В тот день я прошла в капеллу и, опустившись на колени, произнесла, словно ребенок: «Господи, как я тебе благодарна!»
Но что же мне на самом деле стало известно, за что, собственно, я благодарила Господа? Ведь не было ничего определенного, ни единого закона, имевшего силу. И я постоянно сама придумывала такие законы и всегда обманывалась. Я говорила себе – вот этот закон Божий, это судьба, это чувство вины, ее искупление. Ожидала, что все так и будет, а происходило обратное: как если бы все время появлялся и начинал действовать какой-то новый закон, которого я и не ждала вовсе. Я думала, что оплатила невероятным страданием свою вину. Однако на том дело не кончилось. Как ни крутись, в тебя все равно попадут. Такова уж наша жизнь; знаешь, мы словно черви, выкопанные из земли лопатой, птицы замечают наше движение, слетаются, кого-то клюют, кого-то нет, мы мечемся еще какое-то время, а потом лопата бросает горсть земли, та накрывает нас, снова наступают мрак, тишина, и мы больше не шевелимся. Ты считаешь, нельзя быть такой пессимисткой? И где надежда, говоришь? А на что она мне? Я видела жизнь собственными глазами, прожила ее всю и теперь, в старости, оглядываясь назад, отлично понимаю, о чем идет речь.
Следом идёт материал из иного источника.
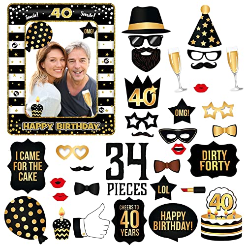 NeuWook Photo Booth Compleanno Accessori, 40 Anni Compleanno Cornice Selfie, Puntelli Fotografia Decorazione per Festa Compleanno Gadget 40 Anni Fai da Te (40 Anni)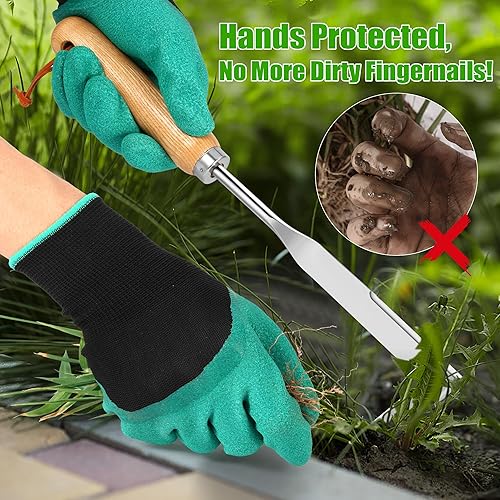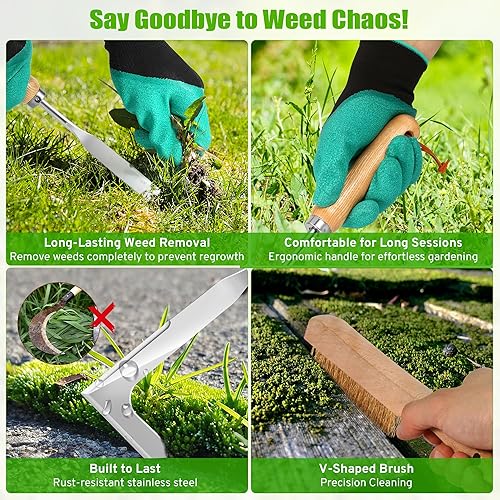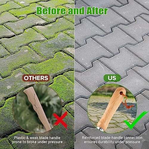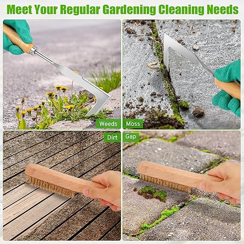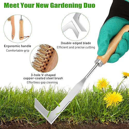 2pcs Estirpatore Erbacce Manuale con Guanti - Raschietto e Spazzola per Erbacce con Manico Ergonomico Legno e Attacco Lama Rinforzato, Attrezzi da Giardino per Cortili, Vialetti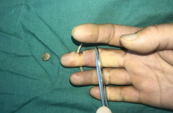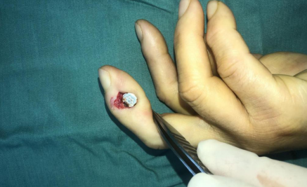 术中探查见锚钉卡压了中指两侧指固有动脉及指固有神经,指深屈肌腱还有部分断裂。吴医生手术团队小心地取出锚钉,缝合了断裂的神经和血管,松止血带后见血管通畅,指端变红润,再缝合皮肤,结束手术。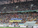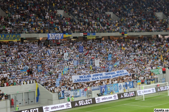 В матче за Суперкубок Украины, в котором донецкий "Шахтер" со счетом 2:0 победил киевское "Динамо", фанаты вывесили несколько патриотических баннеров. Игра прошла 22 июля во Львове.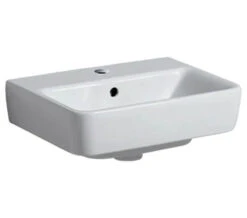 Geberit endeavours constantly to infuse newness, superior efficiency and ease of use in their range of products. The stylish Selnova Handrinse Basin will impress you with its options for customising it to suit a location. Designed to delight, it can be availed with options of 1 tap-hole or 2 tap-holes to suit specific requirements. Easy to install with optionally available wall bolts, it has sturdy Vitreous China construction and space-saving rectangular design. Its low maintenance white finish make it particularly suitable for compact bathrooms and is ideal for use in clubhouses, hotels and leisure-oriented locations.

В конце концов, видишь ли, хотя такой поворот и кажется невероятным, но Бруно не захотел бежать, просто отказался. Он мог выбраться оттуда, план был готов, отличный план. Риск был сведен к минимуму. Он мог совершить побег, но не сделал этого. Он сказал: «Спасибо, не надо, остаюсь здесь». Я так и не узнала никогда, почему он отказался бежать. Даже когда он вернулся, у меня не хватило смелости спросить его об этом. Сама же я часто задавалась подобным вопросом, и знаешь, что я думаю? Такой поступок – в его натуре, это был человек со сложившимся характером, честный, и вся его жизнь – это борьба с несправедливостью. Так вот, наверное, он не допускал никаких привилегий, даже для себя: он не мог бежать, когда других отправляли на смерть. Он полагался на судьбу, более того, верил в нее. И когда судьба посулила ему смерть, самую страшную из всех возможных, он принял ее, ни о чем не спрашивая. До сих пор не могу понять, как это расценить. Как мужество? Или подлость? Ты же знаешь мой характер, сегодня думаю одно, завтра – другое. Так или иначе, тут ты со мной согласна, не так ли? Следовать судьбе удобнее – не надо задаваться никакими вопросами, не требуется делать выбор.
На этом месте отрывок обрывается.